We're about to arrive at another offseason milestone, as teams are hammering our arbitration settlements with eligible players ahead of this week's deadline. Arbitration hearings will be happening with any player who doesn't reach a settlement with his team, and the Minnesota Twins have more than a few boxes to check.
Minnesota tendered seven players back in November, with each player varying in value according to initial projections.
- Kyle Farmer - $6.6
- Ryan Jeffers - $3.2M
- Caleb Thielbar - $3M
- Willi Castro - $2.3M
- Alex Kirilloff - $1.7M
- Jorge Alcala - $1M
- Nick Gordon - $1M
All of these players make sense to bring back next season, especially with a reduced payroll handcuffing the front office's ability to improve the roster in free agency. Minnesota isn't going to arbitration with all seven of these guys, though, as a pair have already settled.
Twins settle with Ryan Jeffers and Caleb Thielbar ahead of arbitration deadline
Update: The Twins reached settlements with six of their seven tendered players. Only Nick Gordon wasn't able to settle, which means he will go to a hearing to determine his salary next season.
Before the deadline the Twins reached settlments with Ryan Jeffers and Caleb Thielbar. Both players are expected to play key roles for Minnesota next year, especially with it looking more and more unlikely that big moves are on the horizon.
Jeffers was projected at $3.2 million while Thielbar was projected to make $3 million, so between the two things settled right where we expected.
Bringing them both back was a no-brainer move, especially with how much Jeffers might factor into the day-to-day catching duties moving forward. He formed a nice tandem with Christian Vazquez last season but it became clear that Jeffers is the future, so long as he continues to build on his early success.

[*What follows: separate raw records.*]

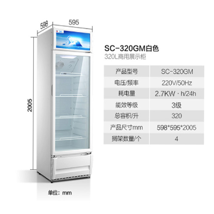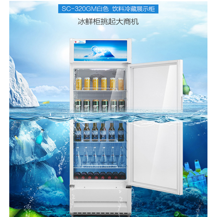 美的(Midea)立式單門家用商用展示柜 冷藏飲料茶葉保鮮柜 啤酒冷飲玻璃門冰柜
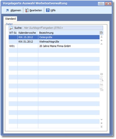Das Programm öffnet die vorgelagerte Auswahltabelle der Werbetexte. Hier werden alle bereits angelegten Werbetexte angezeigt.
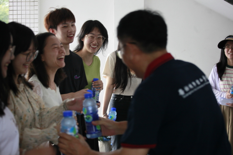 2022级学生军训领导小组组长、党委副书记、副校长刘洊波为大家送水(郑泽霖 摄)
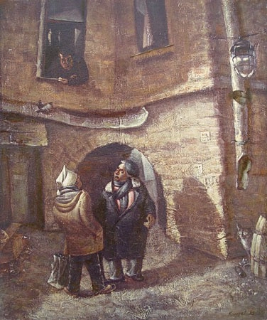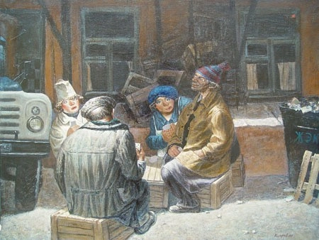 11. «Крести-козыри». Игра в карты каких-то грузчиков и продавщиц на заднем дворе магазина. На мусорном баке кривыми буквами выведено «ЖЭК».
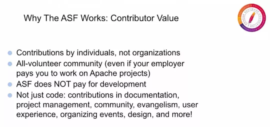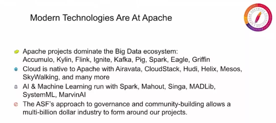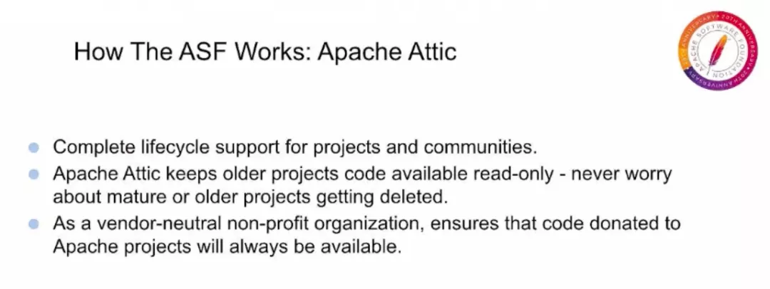 上面这张图所表述的是 Apache 带来的另一个关键价值,也许许多人都是想不到的,那就是对开源的完整生命周期支持。我们不仅积极指导新项目和支持现有项目,还确保休眠项目仍然可用,有很多软件项目我们都还在使用。即使它们没有经过积极开发,在 Apache 您可以放心,在 ASF 发布的所有软件都将永久免费可用,并且可以用于任何目的。
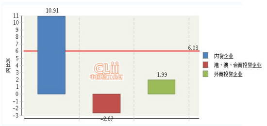 3、內(nèi)資企業(yè)主營業(yè)務(wù)收入增長較快
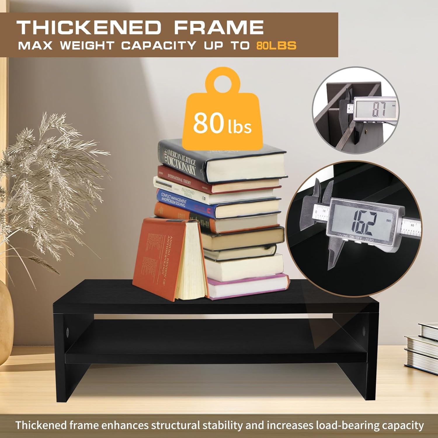 - Sturdy and Reliable Construction:Engineered to support up to 80 lbs, this stand riser provides exceptional stability for your office essentials. The reinforced frame and premium materials ensure long-lasting durability. The wooden monitor riser features soft rubber feet that provide complete stability for your display while protecting your desktop from scratches.
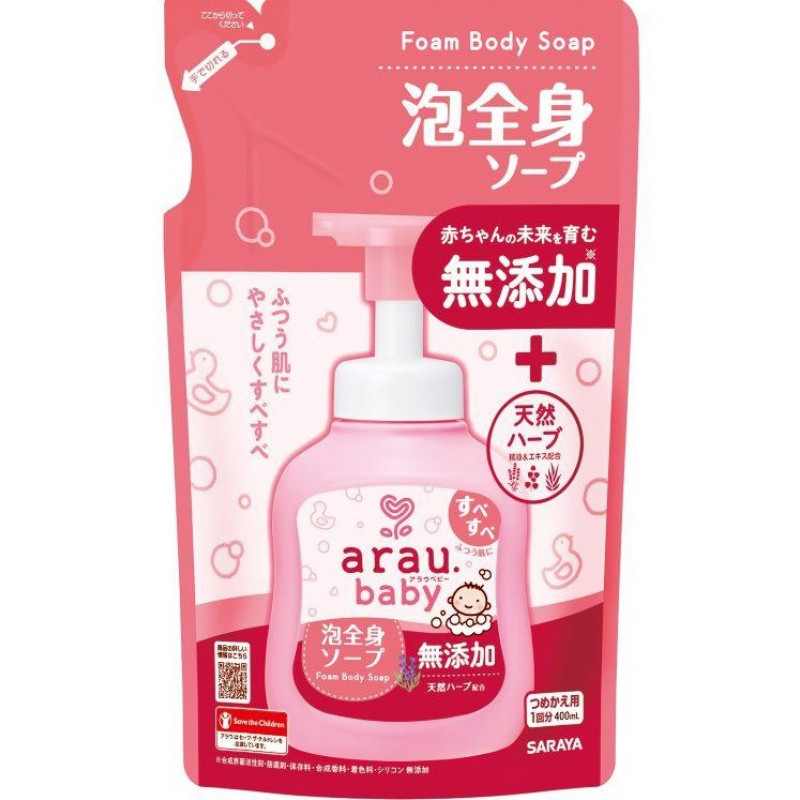 Густа піна з пінки для купання Arau Baby слугує як прошарок між вашою рукою та ніжною шкірою малюка, дозволяючи видаляти бруд і жир, не розтираючи шкіру.
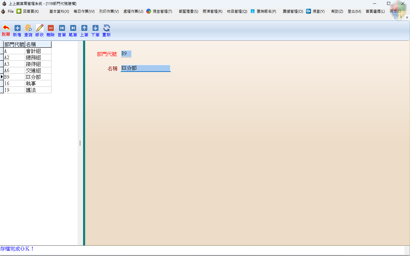 [ 刪除 ]:移除該部門資料(注意:若該部門已有關聯資料,建議不要輕易刪除)。
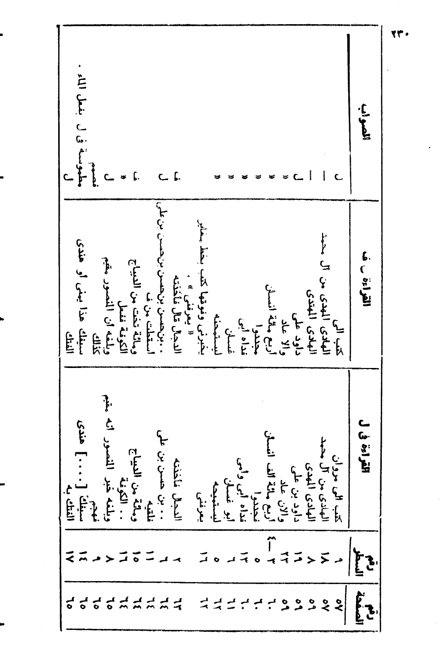 رقم الصفحة/ رقم السطر/ القراءة في ل/ القراءة في ف/ الصواب 57/ 9/ كتب الى مروان/ كتب الى/ ل 57/ 18/ الهادي من آل محمد/ الهادي المهدي من آل محمد/- 59/ 8/ الهادي المهدي/ الهادي المهتدي/- 59/ 19/ داود بن على/ داود على/ ل 59/ 23/ والان عاد/ والا عاد/ «60/ 3- 4/ أربع مائة ألف إنسان/ أربع مائة إنسان/ «60/ 5/ فجددوا/ مجددوا/ «60/ 13/ فداه أبى وأمى/ فداه أبى/ «61/ 6/ أبو غسان/ غسان/ «62/ 5/ ليستميحه/ ليستمحنه/ «62/ 16/ يعرفني/ يخبرني وفوقها كتب بخط مغاير «يعرفني» .
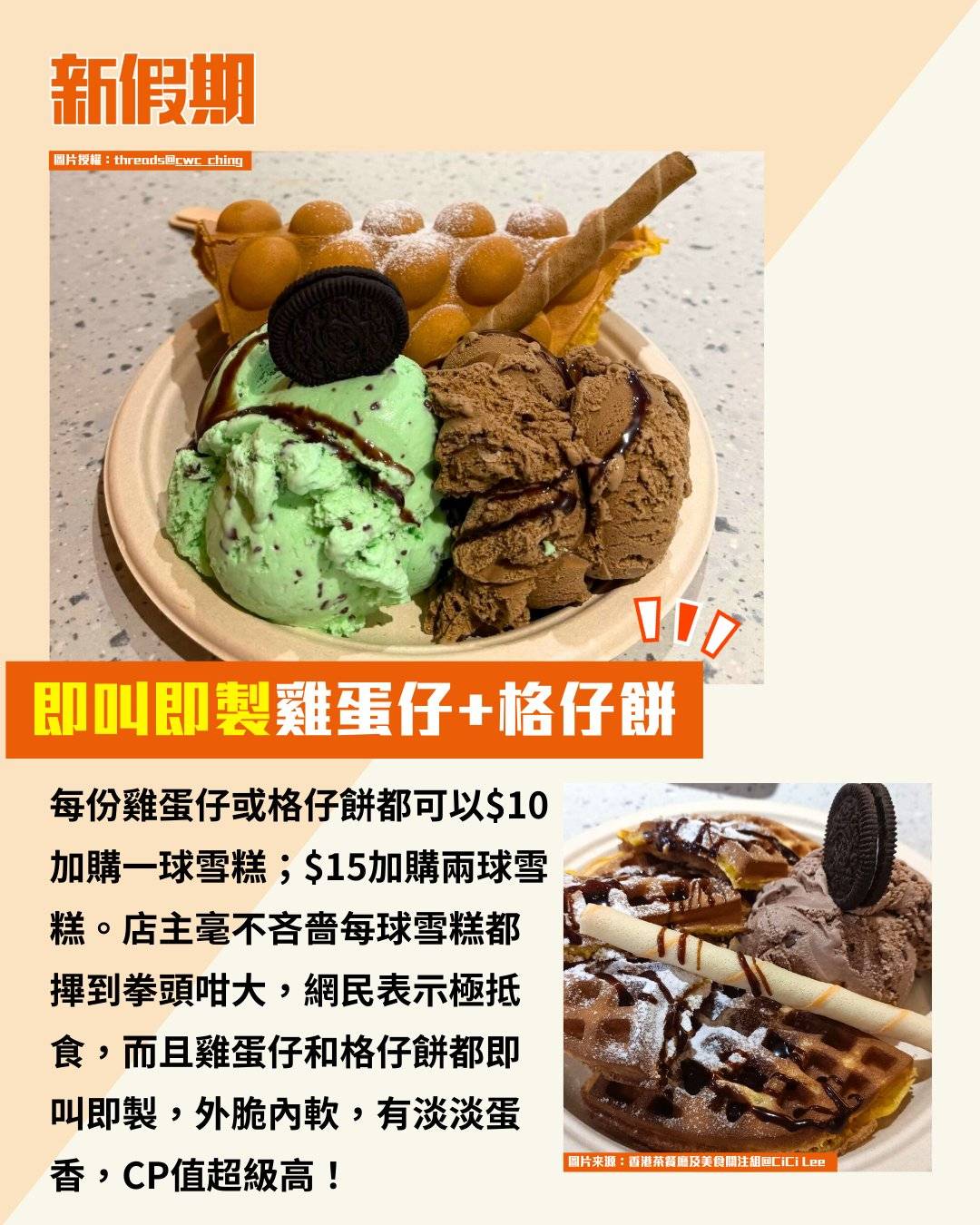 每份雞蛋仔或格仔餅都可以$10加購一球雪糕;$15加購兩球雪糕。店主毫不吝嗇每球雪糕都𢳂到拳頭咁大,網民表示極抵食,而且雞蛋仔和格仔餅都即叫即製,外脆內軟,有淡淡蛋香,CP值超級高!
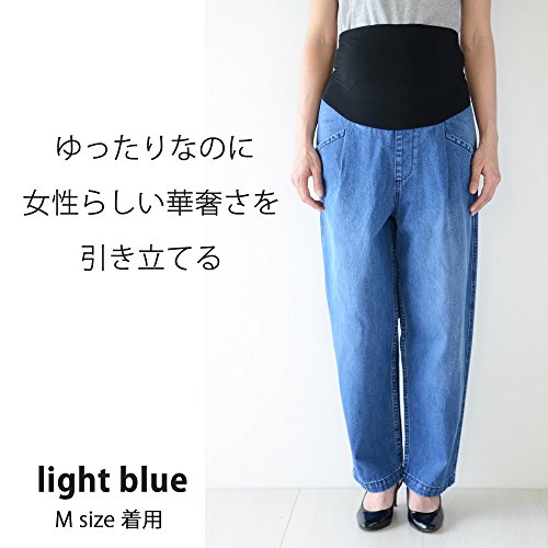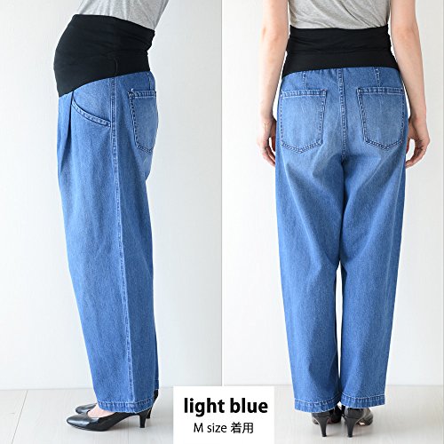 Pearls おなか周りが決め手!妊娠初期~臨月~産後も快適♪ おなかノンストレス♪ マタニティ ビッグテーパードデニムパンツ (L, light blue)
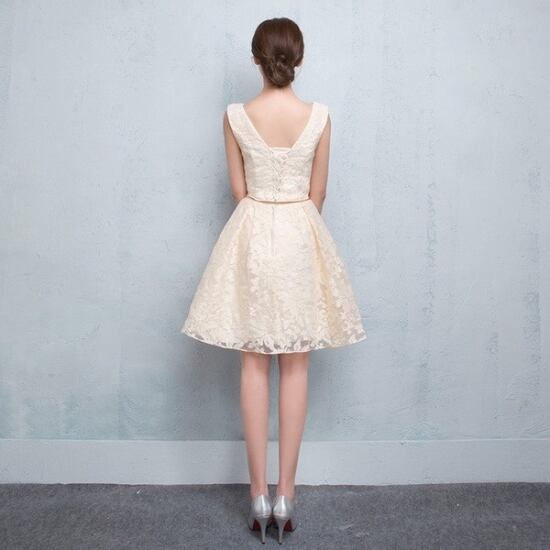 パーティードレス ひざ丈 ワンピース バックコンシャス タックフレア オフホワイト ピンク ガーリー 大人 上品 お呼ばれ インスタ映え かわいい フォトジェニック
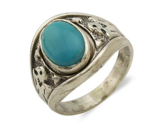 Navajo Fox Turquoise Ring 925 Silver Native American Artist C.80's Size 8.25

Thielbar was counted on to bolster the bullpen last year, and that's a role he'll continue to settle into this season. With it looking increasingly unlikely that the Twins will make a meaningful addition to the bullpen, Thielbar's development becomes that much more of a factor.
The work isn't over, as the Twins tendered seven players ahead of the November deadline. Kyle Farmer remains the biggest and most intriguing name, as well as the most expensive. Minnesota is expected to shop Farmer, alongside Max Kepler and Jorge Polanco, as trade currency to improve the roster.
Incentive to trade Farmer is rooted in how much he'll cost, which depends on what happens in arbitration. If he gets the $6.6 million he's projected for, that would essentially take a free agent signing off the board for hte Twins.
Whether the team chalks him up to that and keeps him, or trades him to save some money, is yet to be seen. Both Willi Castro and Nick Gordon are low-cost arbitration candidates who are projected to make half of what Farmer will but do essentially the same thing.